■ HOW TO COMPLETE THIS TASK
An exact copy of the entries is required, excluding any pictures.

■ RECORDS FOR THE EXERCISE
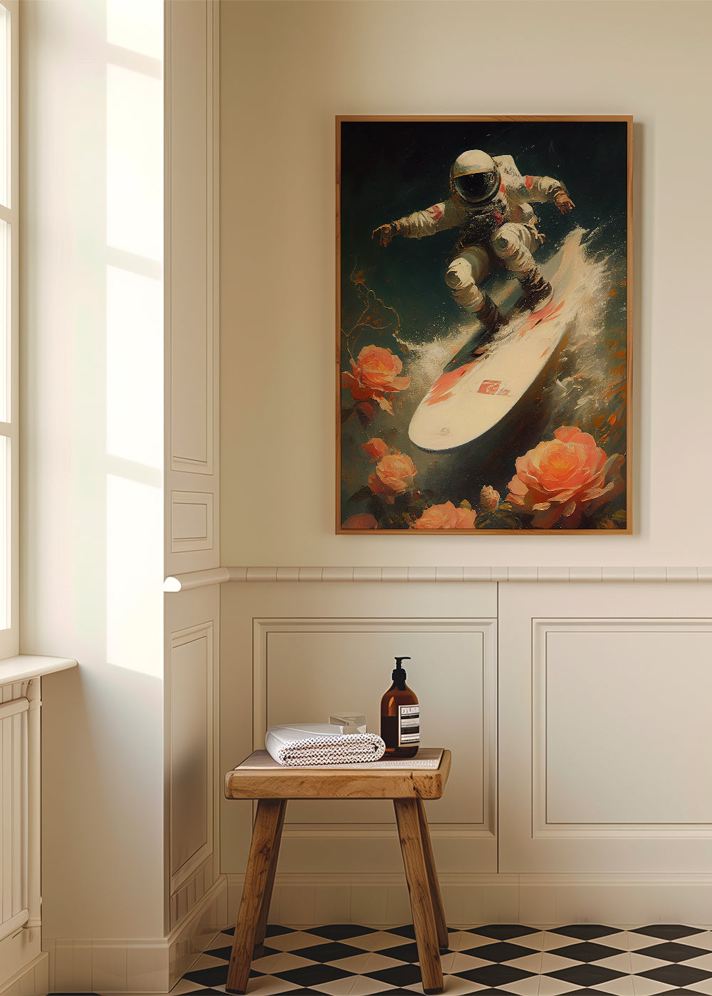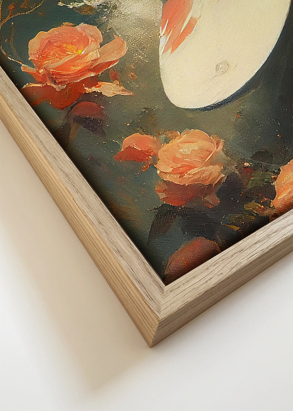 Wenn Sie die Passepartout-Option wählen, fügen wir die weiße matte Platte dem Rahmen hinzu und reduzieren das Design der Arbeit. Wählen Sie beispielsweise ein Druckformat 50x70 cm, mit eichenfarbenem Rahmen und Passepartout, reduzieren wir das Design des Druckes auf das bisherige Format (40x50cm). So passt es sich perfekt an das Innenfenster des Passepartouts an.
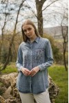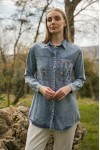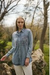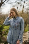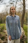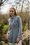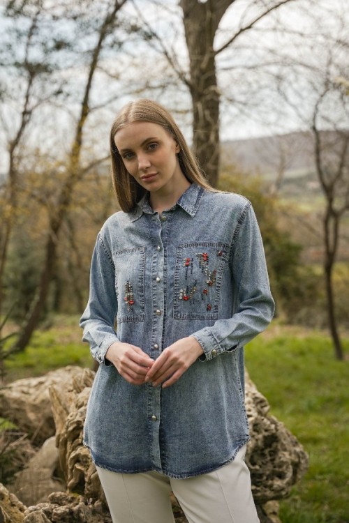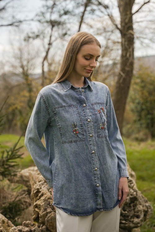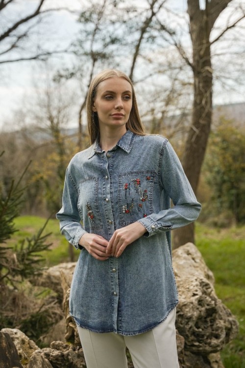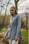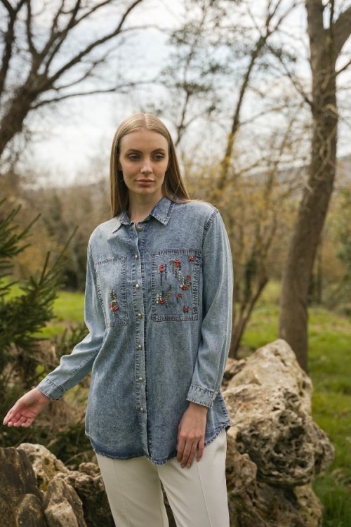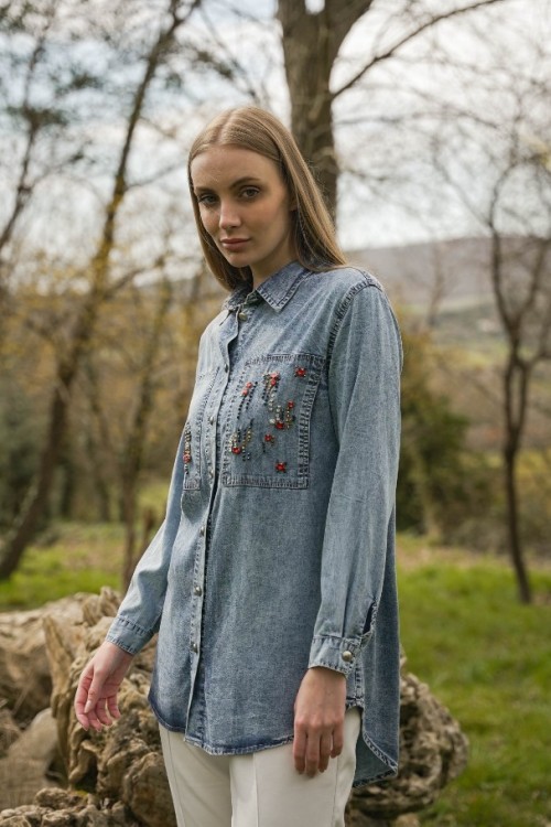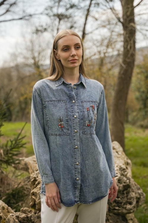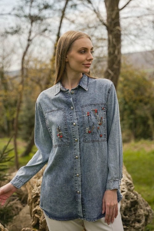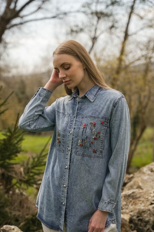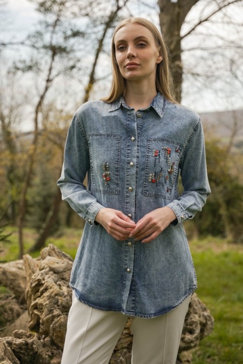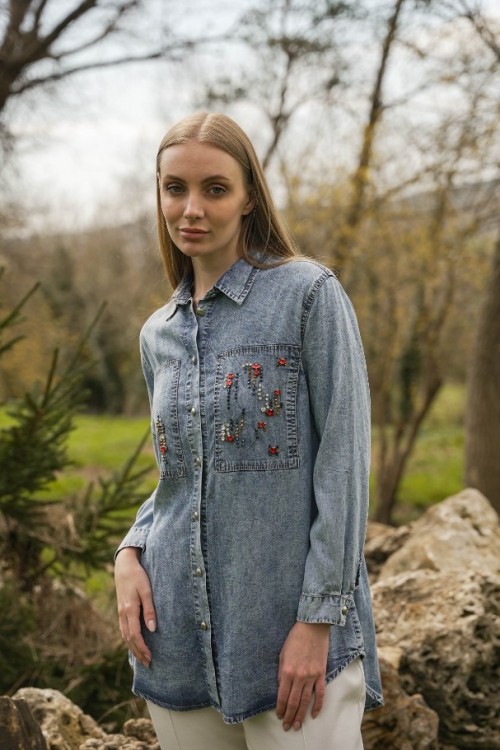 Denim Taş İşlemeli Cepli Gömlek Tunik KZ04-7118
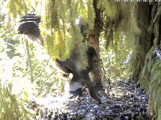 10:26 labrīt! Miks paknābj egles skujas kreisajā puse un pēta, kas notiek lejā, sak - tie man traucē kāpšanai uz lielā zara un gaidāmajam lidojumam. :lol:
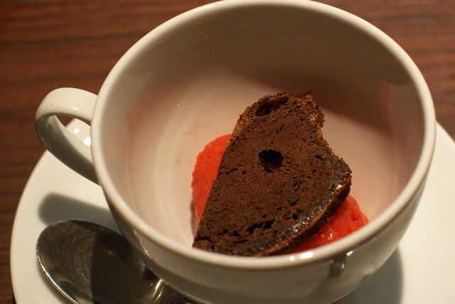 「手を抜いて楽に作ってる」とか田中シェフいいますが、きちんとしこんだチョコテリーヌと、手作りのソルベがコースを締めています。
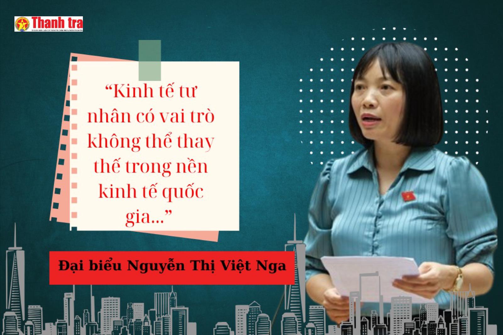 Để kinh tế tư nhân phát huy tối đa tiềm năng, theo bà Nga, cần nhanh chóng triển khai cải cách thể chế, chính sách và môi trường kinh doanh. Tổng Bí thư Tô Lâm đã khẳng định: Một nền kinh tế cường thịnh không thể chỉ dựa vào khu vực nhà nước hay đầu tư nước ngoài, mà phải dựa vào nội lực là khu vực tư nhân vững mạnh, đóng vai trò tiên phong trong đổi mới và phát triển đất nước. Từ đó, bà Nga nhấn mạnh: “Chỉ khi tháo gỡ những rào cản, tạo điều kiện thuận lợi về cơ chế, chính sách, kinh tế tư nhân mới có thể thực sự trở thành động lực dẫn dắt nền kinh tế, giúp Việt Nam vươn tầm khu vực và thế giới”.
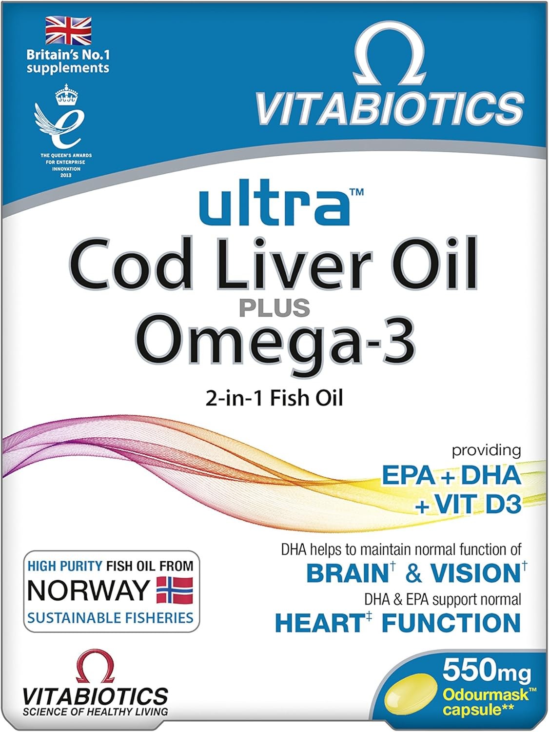 Vitabiotics Ultra Cod Liver Oil Capsules 60 Count Omega-3 Vitamin D & E
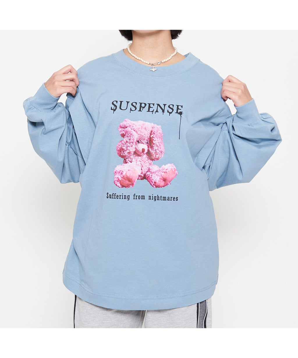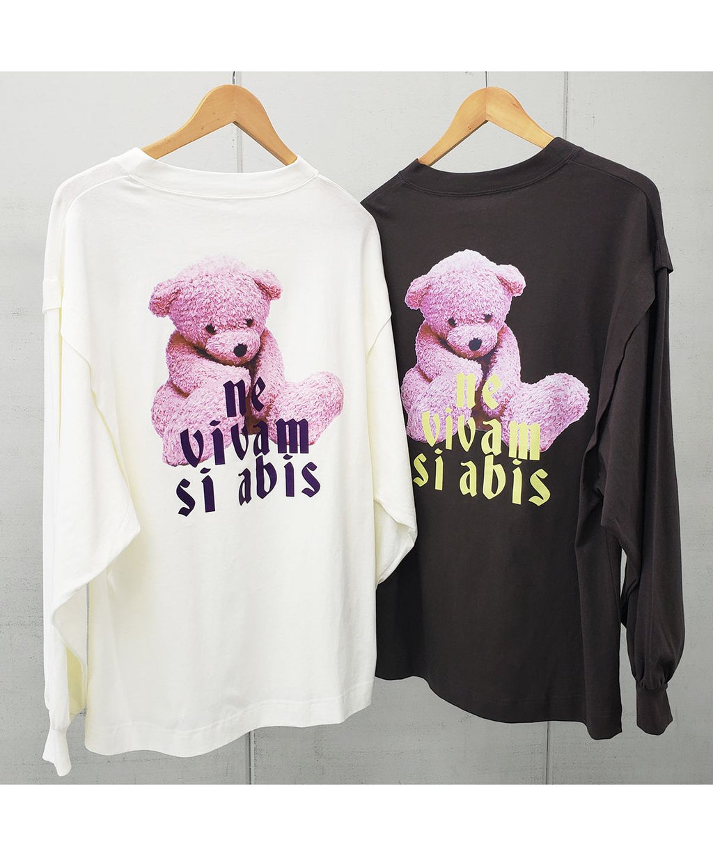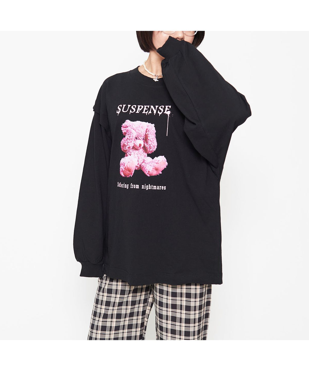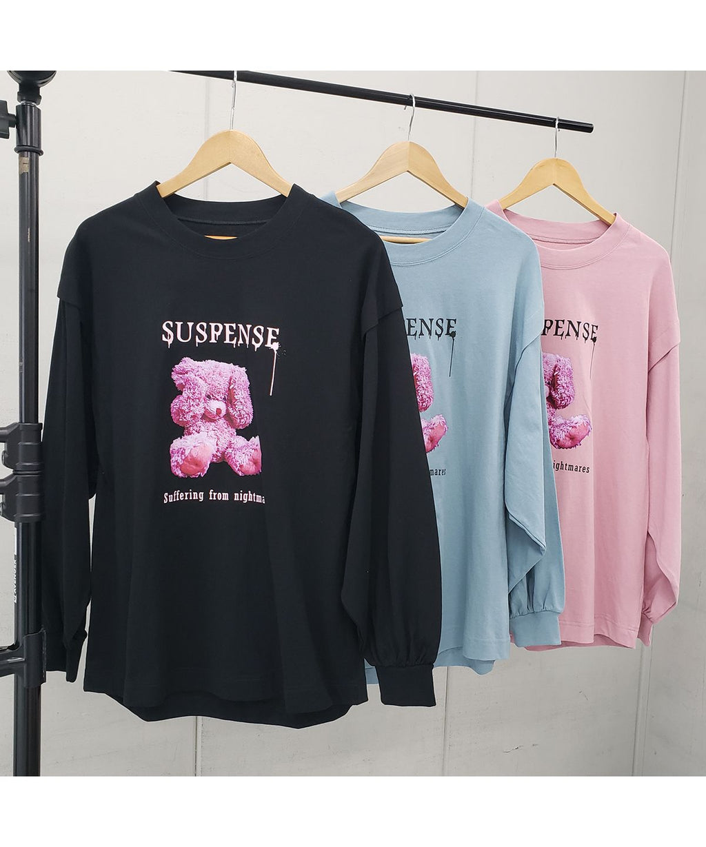 クレイジーベアタックロンT 長袖 ロングTシャツ 病みくま 病みクマ クマ くま ベア 韓国 地雷系 病み系 量産型 原宿系 ビッグシルエット ストリート 可愛い プチプラ ロンT カットソー レディース ロンティー カジュアル ロゴ プリント 闇可愛い テディベア

■ REPLY TO THE EXERCISE
 Wenn Sie die Passepartout-Option wählen, fügen wir die weiße matte Platte dem Rahmen hinzu und reduzieren das Design der Arbeit. Wählen Sie beispielsweise ein Druckformat 50x70 cm, mit eichenfarbenem Rahmen und Passepartout, reduzieren wir das Design des Druckes auf das bisherige Format (40x50cm). So passt es sich perfekt an das Innenfenster des Passepartouts an.
 Denim Taş İşlemeli Cepli Gömlek Tunik KZ04-7118
 10:26 labrīt! Miks paknābj egles skujas kreisajā puse un pēta, kas notiek lejā, sak - tie man traucē kāpšanai uz lielā zara un gaidāmajam lidojumam. :lol:
 「手を抜いて楽に作ってる」とか田中シェフいいますが、きちんとしこんだチョコテリーヌと、手作りのソルベがコースを締めています。
 Để kinh tế tư nhân phát huy tối đa tiềm năng, theo bà Nga, cần nhanh chóng triển khai cải cách thể chế, chính sách và môi trường kinh doanh. Tổng Bí thư Tô Lâm đã khẳng định: Một nền kinh tế cường thịnh không thể chỉ dựa vào khu vực nhà nước hay đầu tư nước ngoài, mà phải dựa vào nội lực là khu vực tư nhân vững mạnh, đóng vai trò tiên phong trong đổi mới và phát triển đất nước. Từ đó, bà Nga nhấn mạnh: “Chỉ khi tháo gỡ những rào cản, tạo điều kiện thuận lợi về cơ chế, chính sách, kinh tế tư nhân mới có thể thực sự trở thành động lực dẫn dắt nền kinh tế, giúp Việt Nam vươn tầm khu vực và thế giới”.
 Vitabiotics Ultra Cod Liver Oil Capsules 60 Count Omega-3 Vitamin D & E
 クレイジーベアタックロンT 長袖 ロングTシャツ 病みくま 病みクマ クマ くま ベア 韓国 地雷系 病み系 量産型 原宿系 ビッグシルエット ストリート 可愛い プチプラ ロンT カットソー レディース ロンティー カジュアル ロゴ プリント 闇可愛い テディベア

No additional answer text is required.